Frankfurter Allgemeine Zeitung sertleştirilmiş ekonomik yaptırımların İran'ın radikal güçlerin eline düşme tehlikesini arttırdığı görüşünde:
"ABD İran yaptırımlarını ağırlaştırmakla, hem İran yönetimi üzerindeki baskıyı arttırıyor, hem de İran halkının sıkıntılara dayanma gücünü sınıyor. Ama aynı zamanda Ortadoğu'daki gerginlik de artıyor. Yoksa İsrail İran'dan gelecek muhtemel misilleme saldırılarına birbiri ardına tatbikatlar düzenlemezdi. İran İsrail'i ve Suudi Arabistan'ın petrol kuyularını vurmaya kalkışabilir. İran askeri gücüyle övünse de, ülke ekonomisi çökmenin eşiğine gelmiş bulunuyor. Böylece İran'ın bölgedeki milislere verdiği desteğin faturası da kabarıyor. Yaptırımlar İran'ın Suriye'deki varlığını azaltmasını sağlayabilir. Büyük tehlike ise devrim muhafızlarındaki şahinlerin sistemin çökmesinden sonra yönetime tamamen hâkim olma ihtimalinden kaynaklanıyor. Batının şimdilik hiç olmazsa Ruhani gibi ılımlı bir muhatabı var.”

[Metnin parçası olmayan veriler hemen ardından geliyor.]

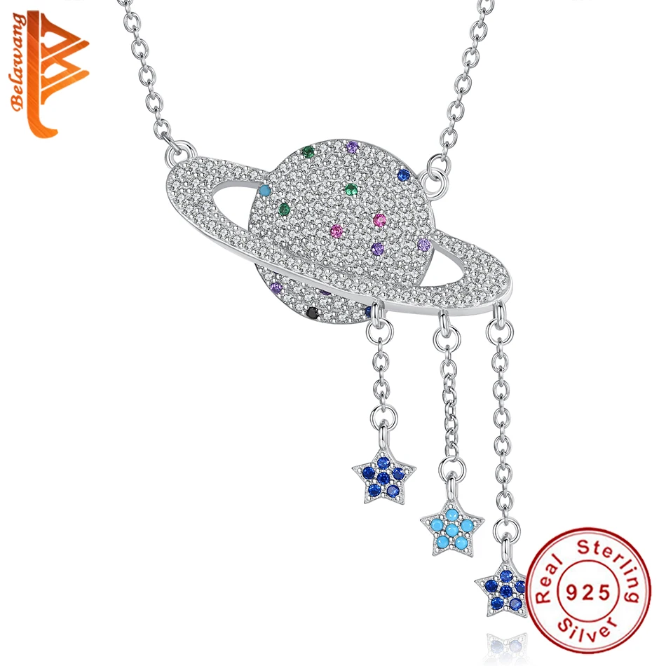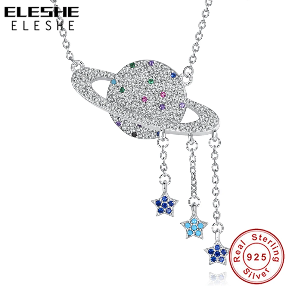 ELESHE 2019 Настоящее серебро 925 проба ожерелье с подвеской галактика, планета кристалл ожерелье для женщин модные ювелирные изделия Подарок на ...

Neue Osnabrücker Zeitung'un aynı konudaki yorumu ise şöyle:
"Washington İran yaptırımlarının dozunu arttırmakla bu ülkeye ekonomik savaş ilan etmiş oldu. Donald Trump'ın başkanlığındaki ABD, uluslararası eleştirilere rağmen güçlü pozisyonundan, şantajdan başka anlamı olmayan uygulamalar için yararlanıyor. Nükleer anlaşmadan çekilmekle devletler hukukunu ihlal etmiş olmakla kalmayıp, anlaşmazlıkları giderme yolunda sağlanan cüzi ilerlemeyi de boşa çıkarıyor. Amerikan yaptırımları küresel ticari ilişkilere hissedilir zarar verecektir. Avrupa bu politikaya, Amerikan yaptırımlarını bypass edecek yöntemlerle direnmeye çalışıyor. Ama nükleer anlaşmanın bu yoldan kurtarılabileceği şüphe götürür. Şurası kesindir ki, zaten istikrarsız olan bir bölgeyi, aktörlerden birini cezalandırarak istikrara kavuşturma girişimi hiçbir zaman sonuç vermemiştir. Dolayısıyla Trump usulü şantajcılığın işe yarayacağı kuşkuludur.”

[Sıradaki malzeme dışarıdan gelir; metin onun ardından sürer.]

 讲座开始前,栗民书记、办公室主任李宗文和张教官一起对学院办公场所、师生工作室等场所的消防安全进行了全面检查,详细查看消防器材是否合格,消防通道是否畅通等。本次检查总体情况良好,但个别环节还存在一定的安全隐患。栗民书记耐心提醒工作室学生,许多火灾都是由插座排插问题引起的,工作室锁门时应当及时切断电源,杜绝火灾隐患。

Süddeutsche Zeitung ABD Kongre seçimlerini konu alan yorumunda kampanya sırasında kimlik arayışının diğer konuları bastırdığına vurgu yapıyor:
"Demokratlarla Cumhuriyetçiler arasındaki seçim mücadelesinde ekonomi, vergi indirimi, altyapı, bütçe ya da artan suçlarla mücadele gibi konular rol oynamadı. Parti programları ve temel siyasi tercihler ABD'deki siyasi tartışmaların ikincil konuları oldu ve Trump'ın Başkanlığa seçildiği 2016 yılındakinden de az rol oynadı. Kongre seçiminde oylar kimlik tercihine göre kullanılacak. ‘Bana kim olduğunu söyle, ben kimi seçeceğini söyleyeyim'. Ya da ‘bizim grup sizin gruba karşı'. Bu fenomen aslında yeni değil. Öteden beri azınlıklar çoğunlukla Demokratları, beyazlar ise Cumhuriyetçileri seçer, fakat taraflar halk gruplarını birbirine düşürmemeye özen gösterirdi. Ama artık iki büyük parti de, Amerikalıların kimlik politikası dedikleri oyunun farklı versiyonlarını oynuyor. Demokratlar seçim gününe kadar, normal olarak sandığa gitmeyen azınlıkları harekete geçirmeye çalıştı. Cumhuriyetçiler ise 2016 yılında Trump'ı Beyaz Saray'a taşıyan yüksek motivasyonlu seçmen grubunun desteğiyle Kongre çoğunluğunu kurtarmayı umuyorlar. Bu oyunu kazananın ödülü Amerikan halkının bölünmesi ve sorunları çözecek politikaların rafa kalkması olacaktır.”
Mittelbayerische Zeitung Cumhuriyetçi partinin Kongre'nin her iki kanadındaki çoğunluğunu korumasının Trump'ın daha da radikalleşmesine yol açacağına işaret ediyor:
"Erken seçimlere katılan kadın ve gençlerin artması umut veriyor. Ancak bu umut, kamuoyu araştırmacılarını yalancı çıkaran 2016 yılındaki Başkanlık seçiminin de kanıtladığı gibi, aldatıcı olabilir. Trump'ın, milliyetçilik, ırkçılık ve himayecilik karışımı şeklindeki zehirleyici ‘Önce Amerika' sloganı sanıldığından etkili çıktı. Trump yine bu yöntemle başarılı olursa, icraatını daha da radikalleştirme cesaretini kendinde bulacaktır. Bu bakımdan Başkanlık döneminin ortasına isabet eden Kongre seçimleri büyük küresel önem arz ediyor. Söz konusu olan Kongredeki güç dağılımı değil, Amerikan demokrasisinin geleceğidir.”